Now, check which of these critical points lie within the interval $[-3, 3]$: $x_1 = 3 + \sqrt{5} \approx 3 + 2.236 = 5.236$. This is outside $[-3, 3]$. $x_2 = 3 - \sqrt{5} \approx 3 - 2.236 = 0.764$. This is inside $[-3, 3]$.

To determine if $x = 3 - \sqrt{5}$ is a local maximum or minimum, we use the second derivative test: $g''(x) = f'(x) = 6 - 2x$. At $x = 3 - \sqrt{5}$: $g''(3 - \sqrt{5}) = 6 - 2(3 - \sqrt{5}) = 6 - 6 + 2\sqrt{5} = 2\sqrt{5}$. Since $g''(3 - \sqrt{5}) = 2\sqrt{5} > 0$, the critical point $x = 3 - \sqrt{5}$ corresponds to a local minimum for $g(x)$.

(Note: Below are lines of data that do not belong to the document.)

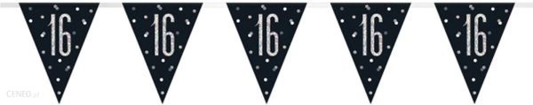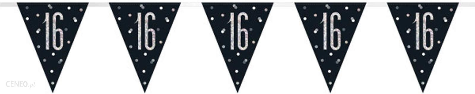 Baner w kolorze czarnym ze srebrnym holograficznym nadrukiem 16, idealna dekoracja na szesnaste urodziny.Długość: 274 cm.Opakowanie: 1 szt.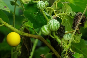黄果茄为直立草本或匍匐草本,初时绿色并具深绿色条纹,成熟后则变为淡黄色,种子近肾形,扁平,可晒干或鲜用。黄果茄具有祛风除湿、消瘀止痛等功效。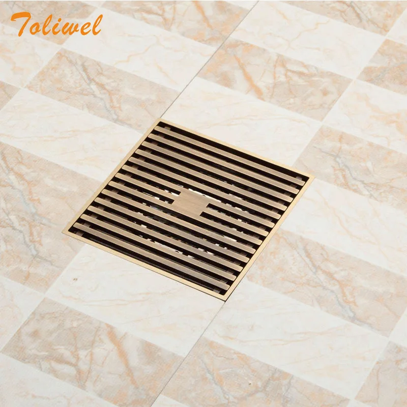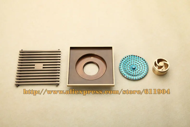 12x12 см квадратный Ванная комната душ Трап крылом ловушка отходов Решетка ситечко провода трапы античная латунь 3782169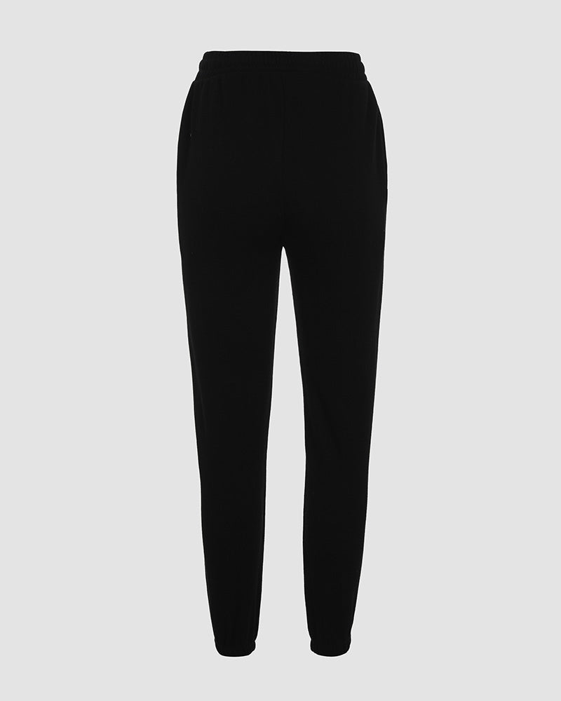 Details: High waisted joggers with elastic hem and smiley face detail print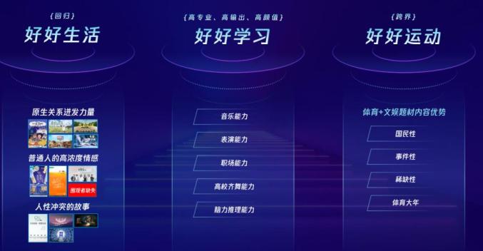 拿腾讯视频最新发布的综艺内容来说,平台就划了三条主要赛道,好好生活、好好学习、好好运动。
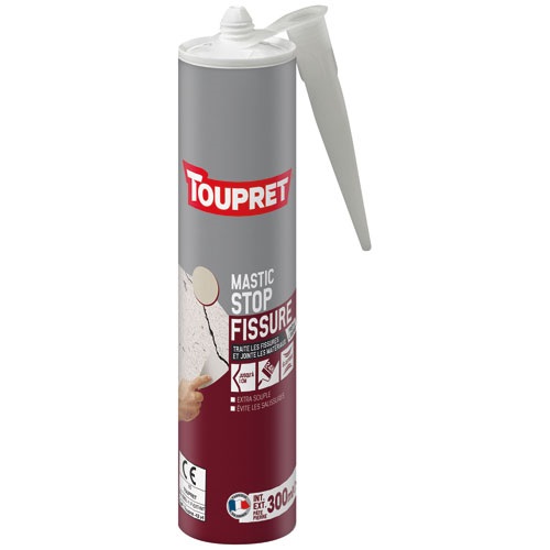 La cartouche Mastic stop fissure intérieur extérieur ton pierre de 300 g de coloris ton pierre de la marque TOUPRET est un mastic acrylique fissures façade intérieur/extérieur ton blanc. Extra souple. Evite les salissures et permet de réaliser des joints bois (portes, fenêtres).

Therefore, the maximum value of $g(x)$ must occur at one of the endpoints of the interval $[-3, 3]$. Let's evaluate $g(x)$ at the endpoints $x = -3$ and $x = 3$: $g(3) = 3(3)^2 - \frac{(3)^3}{3} - 4(3)$ $g(3) = 3(9) - \frac{27}{3} - 12$ $g(3) = 27 - 9 - 12$ $g(3) = 18 - 12 = 6$.

$g(-3) = 3(-3)^2 - \frac{(-3)^3}{3} - 4(-3)$ $g(-3) = 3(9) - \frac{-27}{3} + 12$ $g(-3) = 27 - (-9) + 12$ $g(-3) = 27 + 9 + 12$ $g(-3) = 36 + 12 = 48$.

Comparing the values: $g(0) = 0$, $g(3) = 6$, and $g(-3) = 48$. The maximum value of $g(x)$ on the interval $[-3, 3]$ is $48$.